▶ [Task item]: Only the lines in the entries below from the line with "Two specimens of" to the line with "Plastic spool K355", both included, belong in the answer, transcribed exactly and without pictures.

▶ [Stored items]:

-*-*-

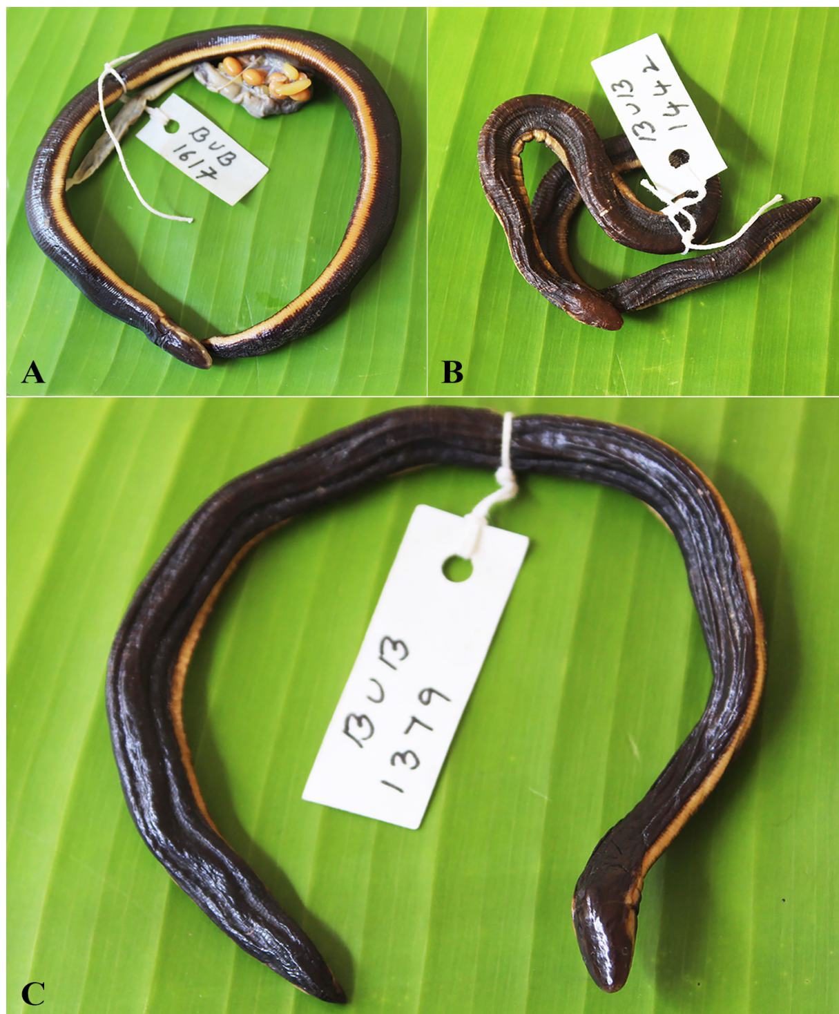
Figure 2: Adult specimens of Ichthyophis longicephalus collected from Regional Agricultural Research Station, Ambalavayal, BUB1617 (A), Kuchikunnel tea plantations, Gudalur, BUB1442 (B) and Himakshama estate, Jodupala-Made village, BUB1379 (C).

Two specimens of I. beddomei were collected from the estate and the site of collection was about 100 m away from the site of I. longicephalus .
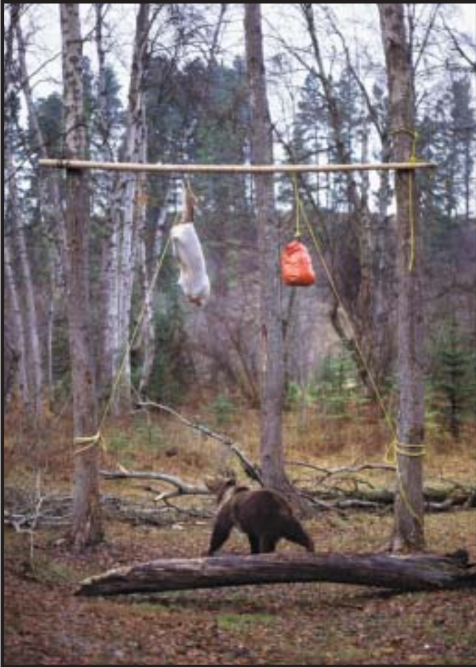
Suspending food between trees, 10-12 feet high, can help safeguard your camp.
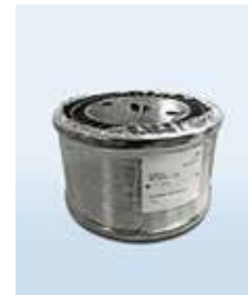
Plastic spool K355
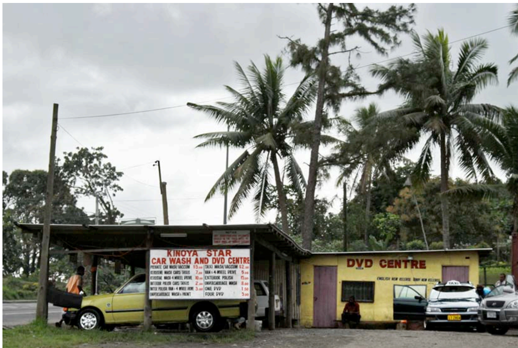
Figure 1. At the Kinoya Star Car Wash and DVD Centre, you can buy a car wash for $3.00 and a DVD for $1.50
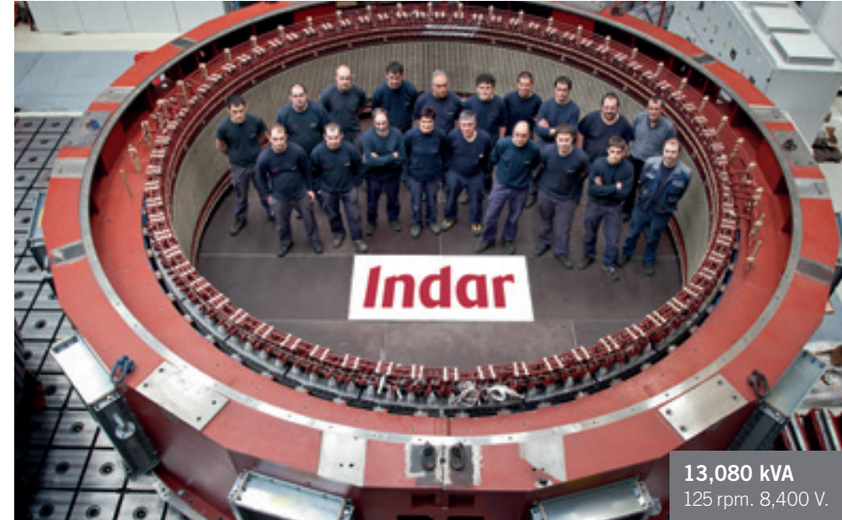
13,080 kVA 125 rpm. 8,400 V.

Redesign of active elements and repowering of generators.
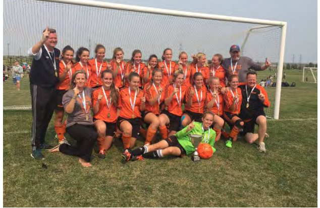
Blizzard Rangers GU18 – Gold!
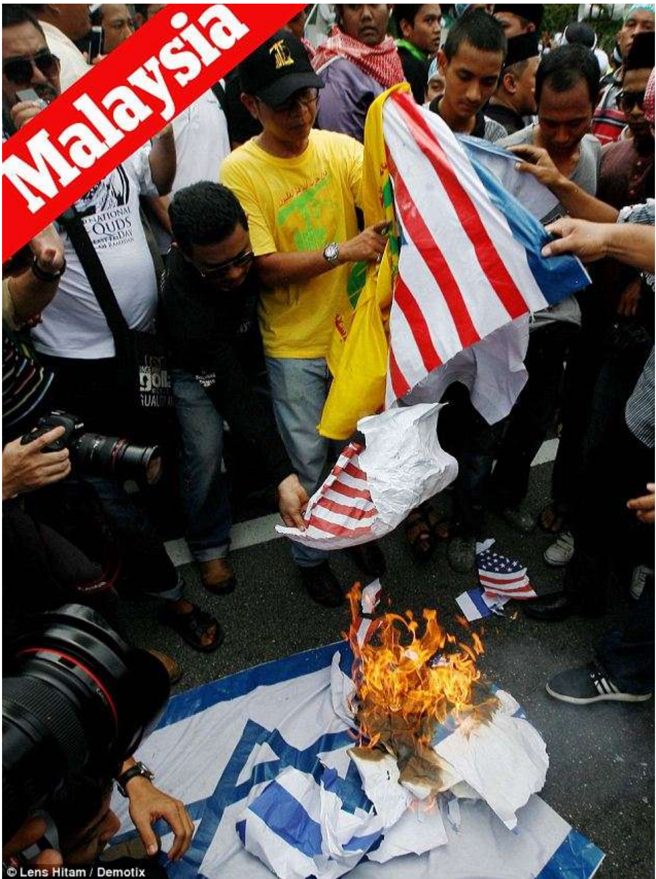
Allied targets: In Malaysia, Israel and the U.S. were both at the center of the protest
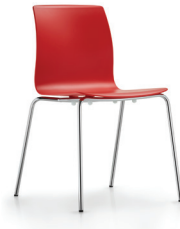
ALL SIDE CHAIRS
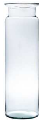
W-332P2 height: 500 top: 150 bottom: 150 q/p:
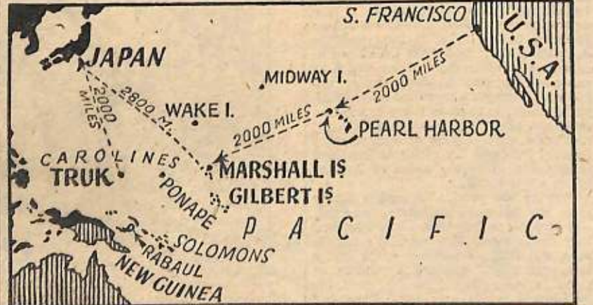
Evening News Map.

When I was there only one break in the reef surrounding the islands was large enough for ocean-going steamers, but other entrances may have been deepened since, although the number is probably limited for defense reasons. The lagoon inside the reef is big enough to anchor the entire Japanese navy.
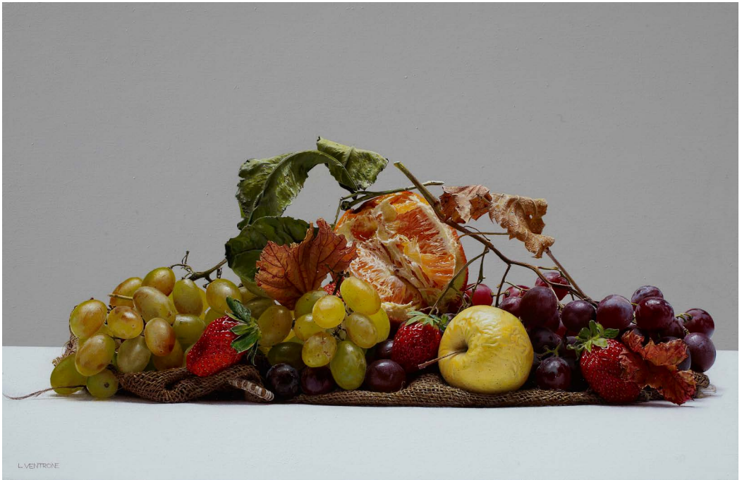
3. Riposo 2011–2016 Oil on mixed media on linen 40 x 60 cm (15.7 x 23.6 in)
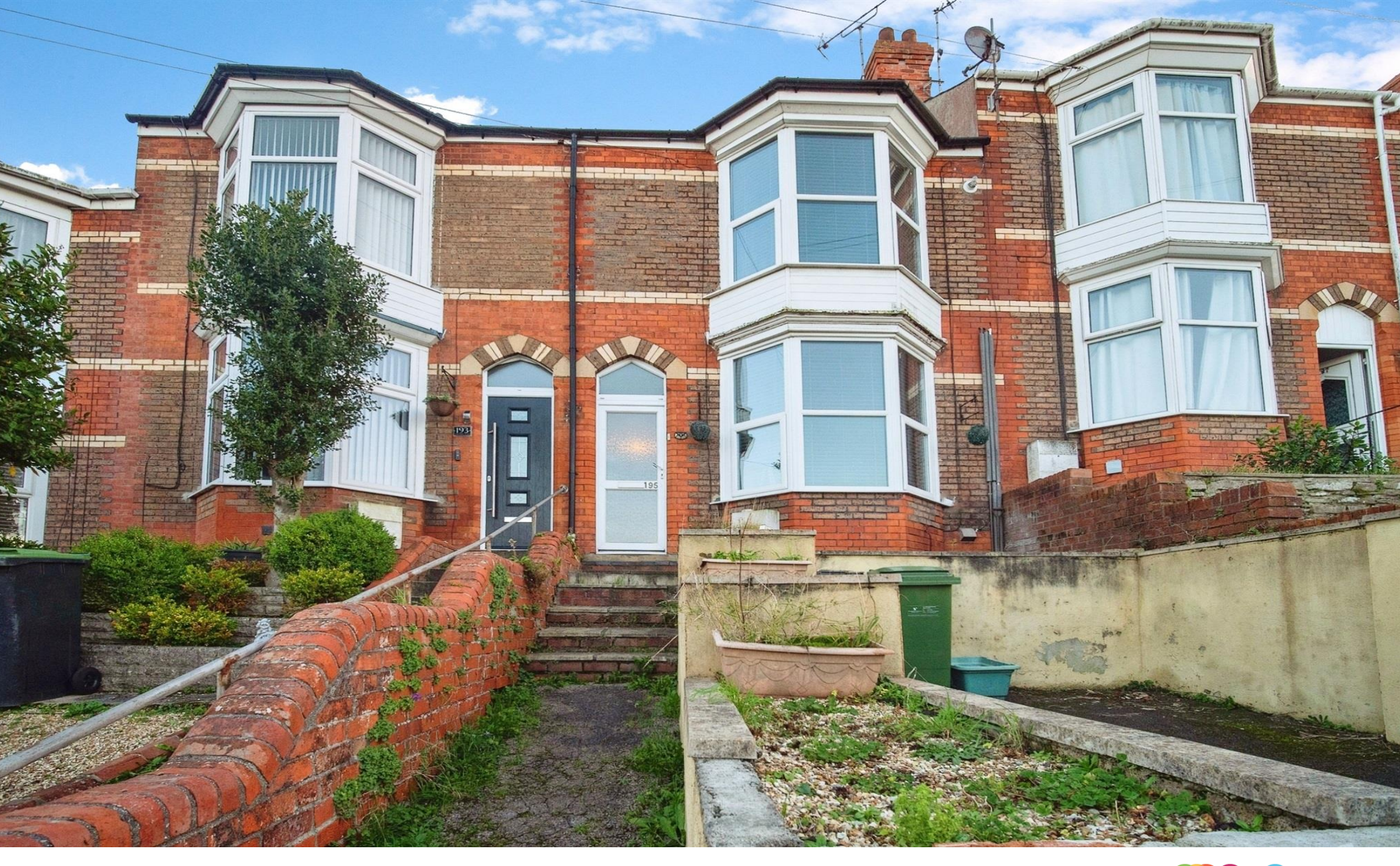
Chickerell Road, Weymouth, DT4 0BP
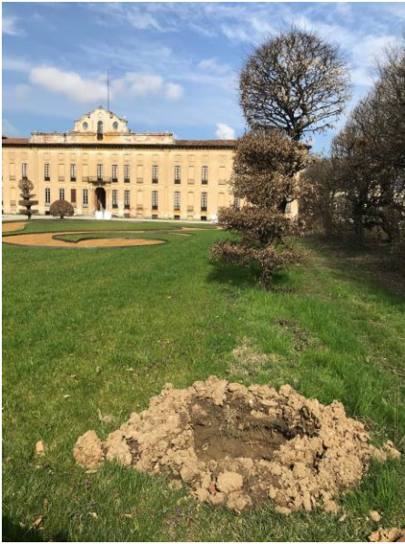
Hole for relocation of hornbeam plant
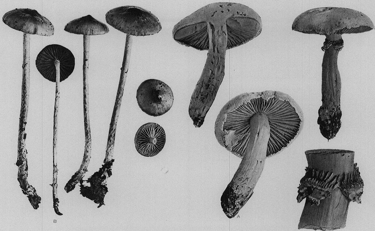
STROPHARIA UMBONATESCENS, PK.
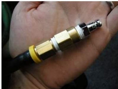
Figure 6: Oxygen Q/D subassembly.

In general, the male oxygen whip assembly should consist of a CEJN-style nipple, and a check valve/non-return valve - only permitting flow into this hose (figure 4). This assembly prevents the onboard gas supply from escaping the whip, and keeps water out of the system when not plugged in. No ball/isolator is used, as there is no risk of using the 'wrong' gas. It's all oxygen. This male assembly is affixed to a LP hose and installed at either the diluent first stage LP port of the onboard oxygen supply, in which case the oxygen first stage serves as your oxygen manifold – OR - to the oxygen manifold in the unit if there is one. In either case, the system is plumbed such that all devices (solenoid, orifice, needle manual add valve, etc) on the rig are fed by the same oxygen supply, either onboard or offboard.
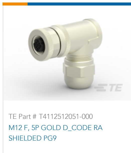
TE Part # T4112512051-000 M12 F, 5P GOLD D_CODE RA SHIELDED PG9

-*-*-

▶ [Expected answer]:
Two specimens of I. beddomei were collected from the estate and the site of collection was about 100 m away from the site of I. longicephalus .
Suspending food between trees, 10-12 feet high, can help safeguard your camp.
Plastic spool K355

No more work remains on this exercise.